Saint François de Sales (1567-1622)

 

 

 

Dimanche de la miséricorde

dimanche 28 avril 2019

Seigneur Jésus Christ, faites encore que de nous ne soit fait « qu’un cœur et qu’une âme » (Ac 4,32), car alors il y aura « une grande tranquillité » (Mc 4,39). Mes chers auditeurs, je vous exhorte à l’amitié et à la bienveillance entre vous, et à la paix entre tous ; car si nous avions la charité entre nous, nous aurions la paix et nous aurions le Saint-Esprit. Il faut se rendre dévot et prier Dieu…, car les apôtres étaient persévérants dans la prière… Si nous nous mettons à faire des prières ferventes, le Saint-Esprit viendra en nous et dira : « La paix soit avec vous ! C’est moi ; n’ayez pas peur » (cf Mc 6,50)… Que devons-nous demander à Dieu, mes frères ? Tout ce qui est pour son honneur et le salut de vos âmes, et en un mot l’assistance du Saint-Esprit : « Envoie ton Esprit et tout sera créé » (Ps 103,30) — la paix et la tranquillité…

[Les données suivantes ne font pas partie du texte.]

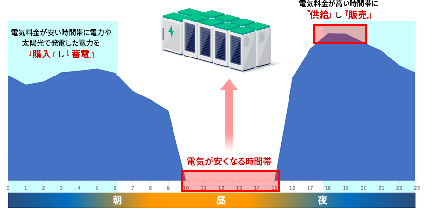 電力価格が安い時間帯に市場から電力を購入し、蓄電池に充電。電力需要が高まり価格が上昇する夜間帯などに放電・売電することで、取引電力量と市場価格の差を収益として得ます。

Il faut demander cette paix, afin que l’Esprit de paix vienne sur nous. Il nous faut aussi rendre grâces à Dieu de tous ses bienfaits, si nous voulons qu’il nous donne des victoires qui sont commencement de paix ; et pour obtenir le Saint-Esprit, il faut remercier Dieu le Père de ce qu’il l’a envoyé d’abord sur notre chef Jésus Christ, notre Seigneur, son Fils…— car « nous recevons tout de sa plénitude » (cf Jn 1,16) — et de ce qu’il l’a envoyé sur ses apôtres pour nous le communiquer par leurs mains. Il nous faut remercier le Fils : en tant que Dieu, il envoie l’Esprit sur ceux qui s’y disposent. Mais surtout, il faut le remercier de ce qu’en tant qu’homme il nous a mérité la grâce de recevoir ce divin Esprit…

Comment Jésus Christ a-t-il mérité la venue du Saint-Esprit ? Lorsque « en inclinant la tête il remit l’esprit » (Jn -19,30) ; car en donnant son dernier soupir et son esprit au Père, il mérita que le Père envoie son Esprit sur son corps mystique.